◆ What you will do: For this exercise, repeat exactly the lines below starting at the line holding "Создатель комиксов о" and ending at the line holding "The paper proposes", both included, with no extra lines and no pictures.

◆ Material supplied:
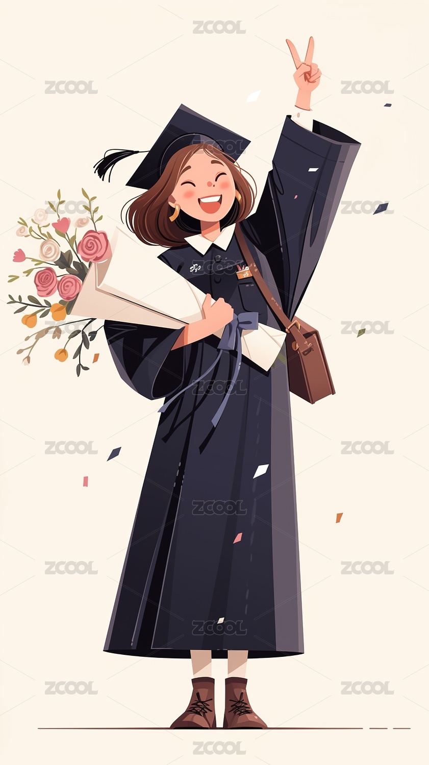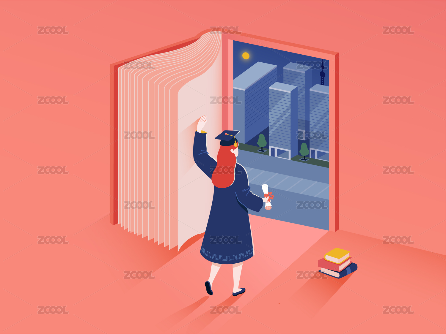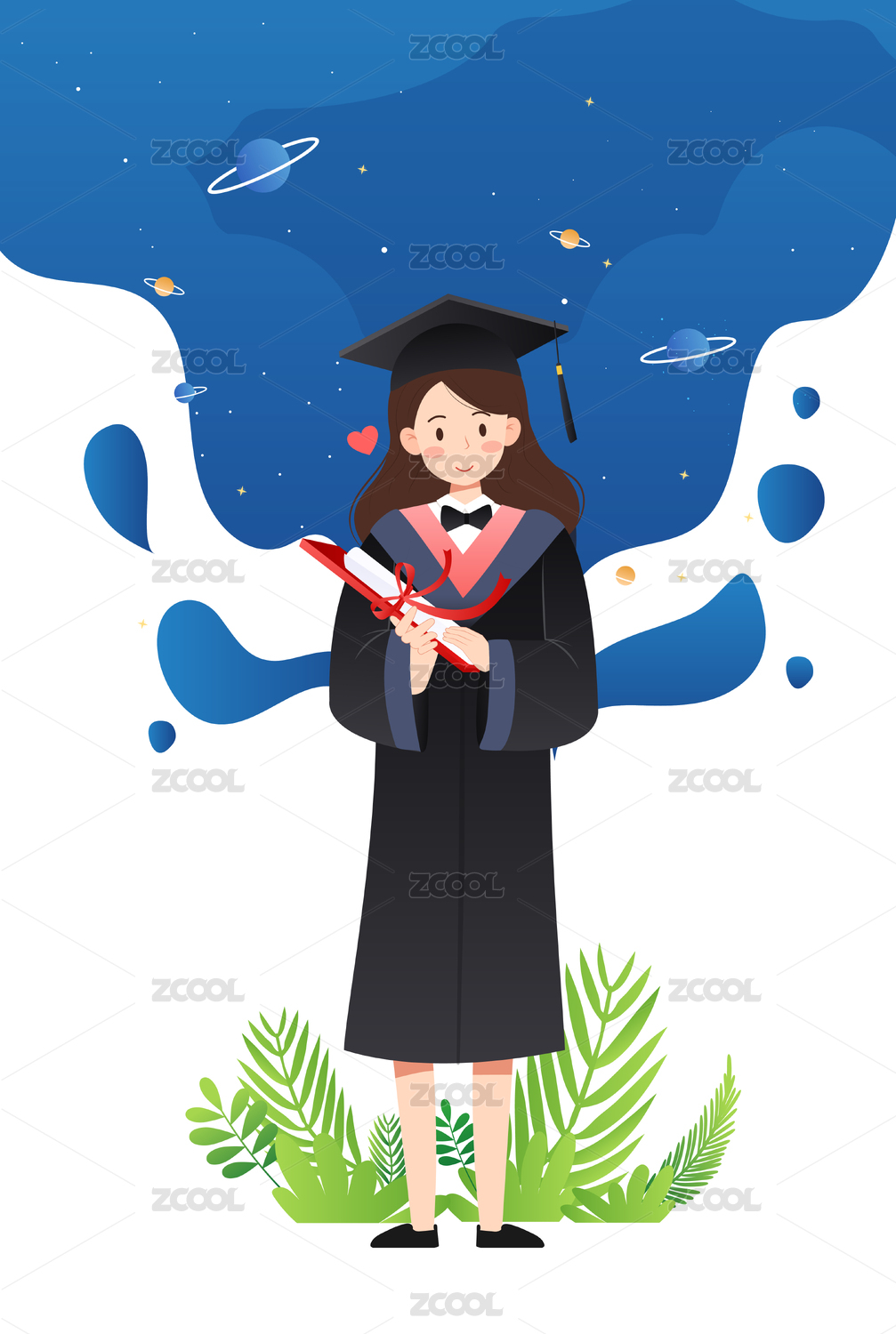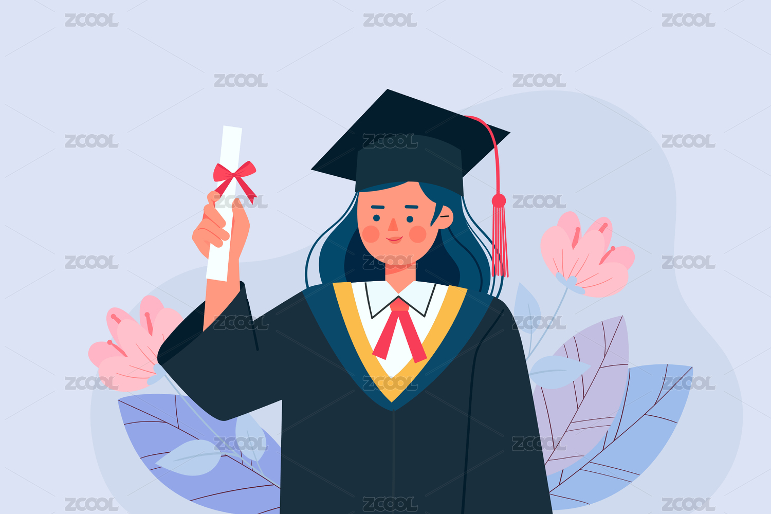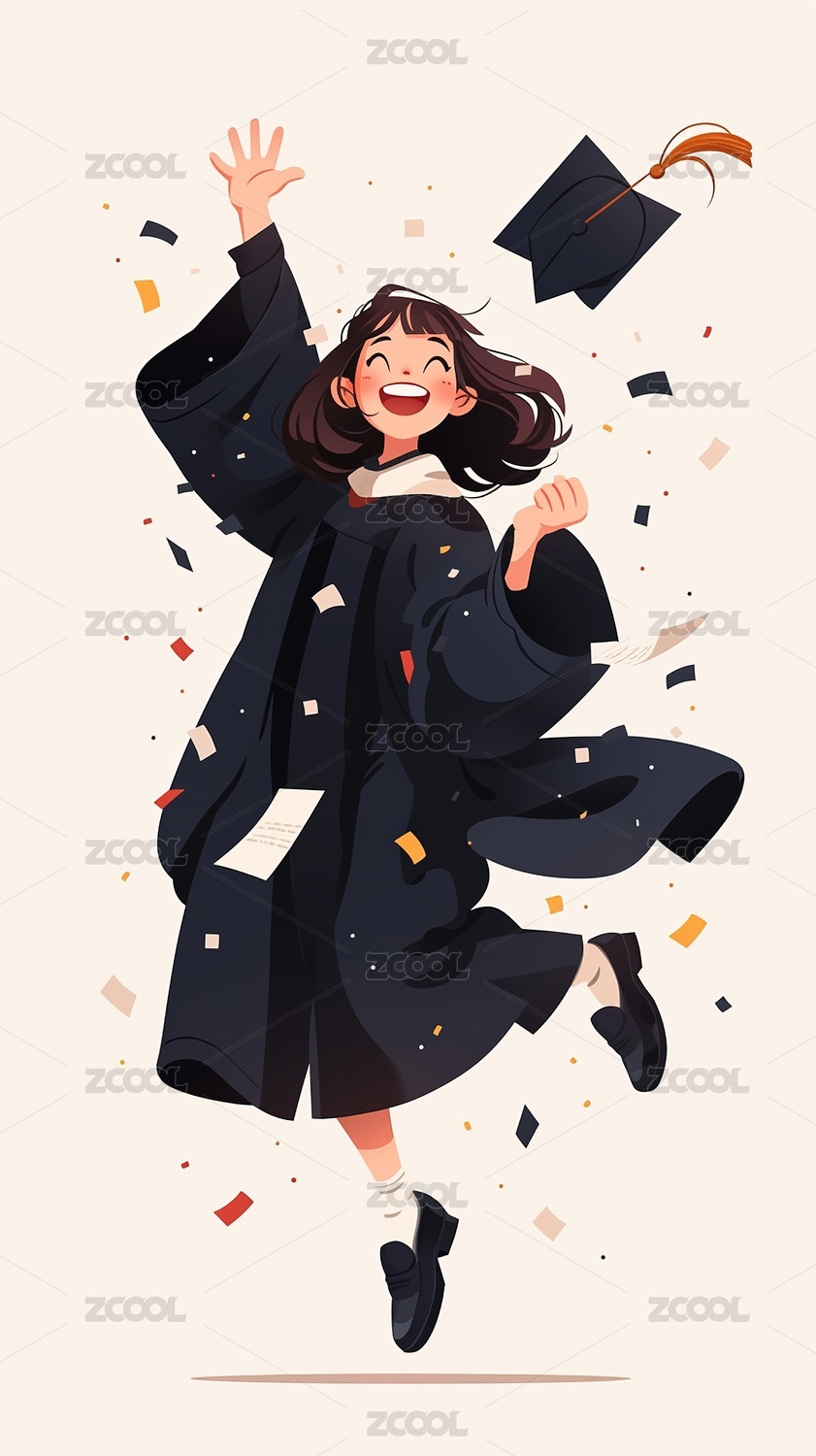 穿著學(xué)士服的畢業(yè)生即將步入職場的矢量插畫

==

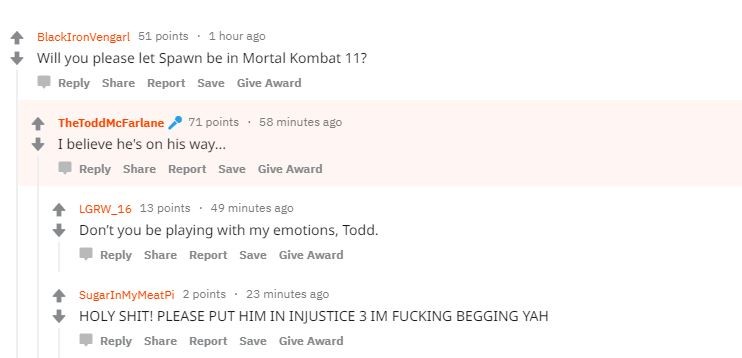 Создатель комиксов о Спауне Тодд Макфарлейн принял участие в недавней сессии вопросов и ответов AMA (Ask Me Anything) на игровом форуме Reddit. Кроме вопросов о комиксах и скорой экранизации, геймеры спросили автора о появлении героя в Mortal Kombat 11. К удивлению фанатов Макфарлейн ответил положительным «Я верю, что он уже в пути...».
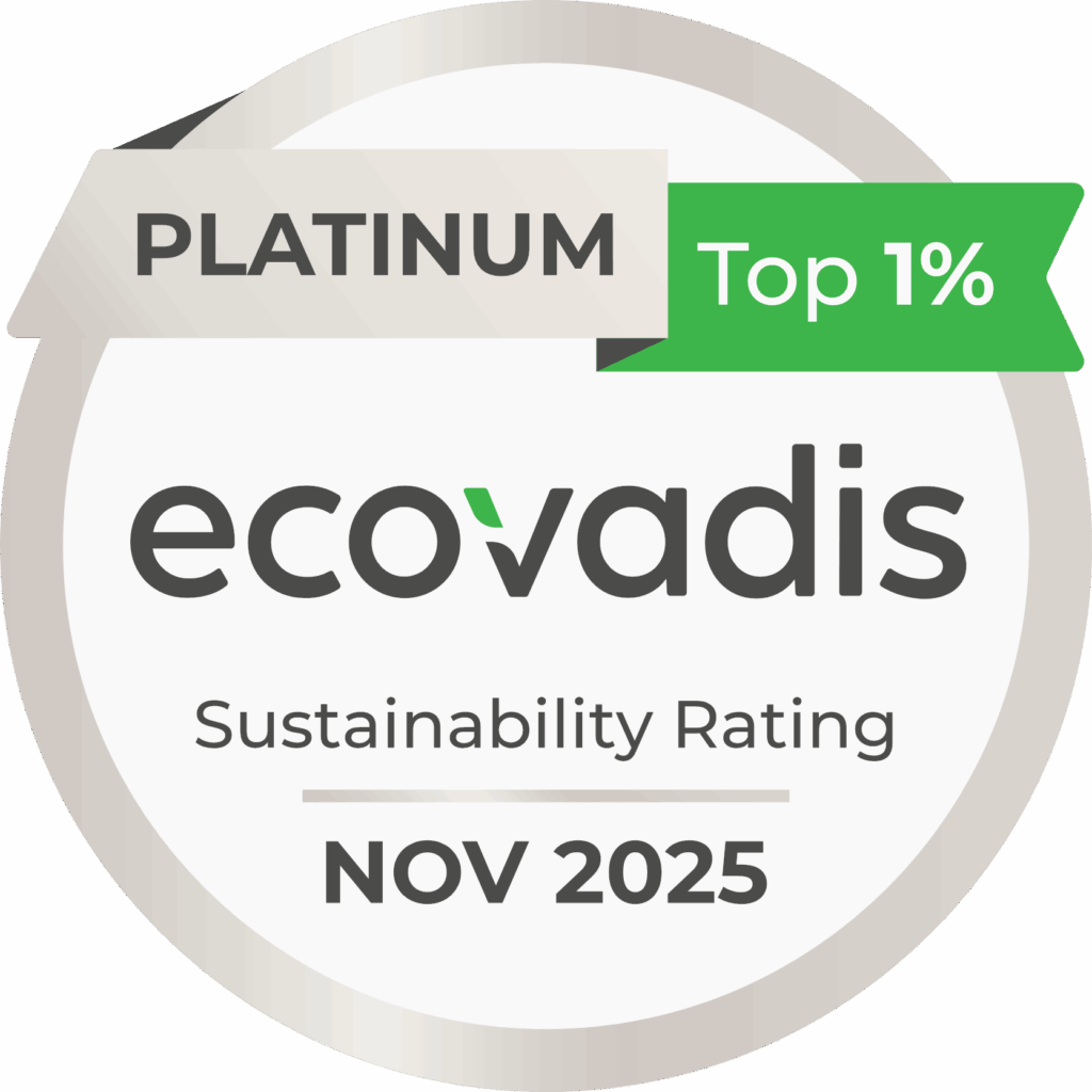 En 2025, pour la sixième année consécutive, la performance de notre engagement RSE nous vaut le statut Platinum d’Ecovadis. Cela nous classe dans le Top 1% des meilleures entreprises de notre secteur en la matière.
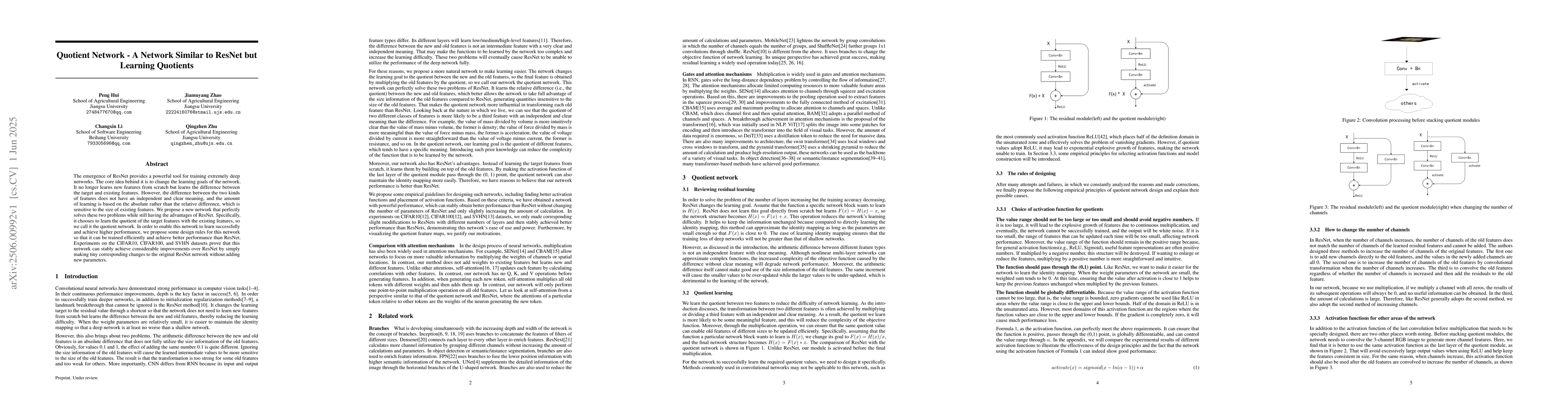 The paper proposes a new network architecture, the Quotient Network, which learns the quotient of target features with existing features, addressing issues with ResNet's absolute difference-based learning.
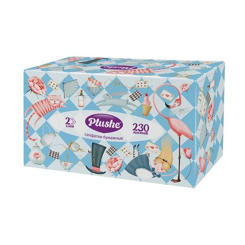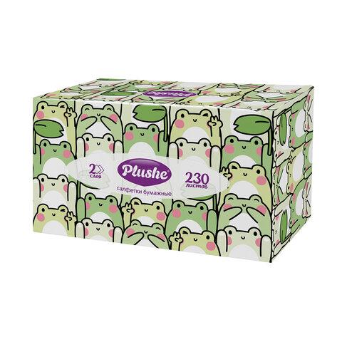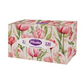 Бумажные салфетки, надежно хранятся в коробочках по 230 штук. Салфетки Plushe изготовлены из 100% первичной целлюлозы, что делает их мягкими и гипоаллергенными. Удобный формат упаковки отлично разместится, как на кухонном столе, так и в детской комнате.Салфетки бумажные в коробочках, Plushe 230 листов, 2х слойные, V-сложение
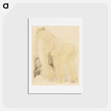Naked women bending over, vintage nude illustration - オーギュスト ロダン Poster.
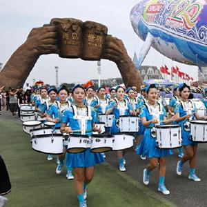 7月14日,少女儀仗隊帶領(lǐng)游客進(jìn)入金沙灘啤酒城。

---

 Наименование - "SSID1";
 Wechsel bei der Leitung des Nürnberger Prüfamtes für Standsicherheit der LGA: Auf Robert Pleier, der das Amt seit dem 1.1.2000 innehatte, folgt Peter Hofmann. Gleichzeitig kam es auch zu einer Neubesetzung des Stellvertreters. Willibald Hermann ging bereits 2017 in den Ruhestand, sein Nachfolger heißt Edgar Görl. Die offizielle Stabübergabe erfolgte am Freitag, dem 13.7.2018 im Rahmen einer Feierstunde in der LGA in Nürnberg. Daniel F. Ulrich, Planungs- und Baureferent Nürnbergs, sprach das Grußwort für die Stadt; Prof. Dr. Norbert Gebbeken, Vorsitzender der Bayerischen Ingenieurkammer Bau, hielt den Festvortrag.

◆ The answer:
 Создатель комиксов о Спауне Тодд Макфарлейн принял участие в недавней сессии вопросов и ответов AMA (Ask Me Anything) на игровом форуме Reddit. Кроме вопросов о комиксах и скорой экранизации, геймеры спросили автора о появлении героя в Mortal Kombat 11. К удивлению фанатов Макфарлейн ответил положительным «Я верю, что он уже в пути...».
 En 2025, pour la sixième année consécutive, la performance de notre engagement RSE nous vaut le statut Platinum d’Ecovadis. Cela nous classe dans le Top 1% des meilleures entreprises de notre secteur en la matière.
 The paper proposes a new network architecture, the Quotient Network, which learns the quotient of target features with existing features, addressing issues with ResNet's absolute difference-based learning.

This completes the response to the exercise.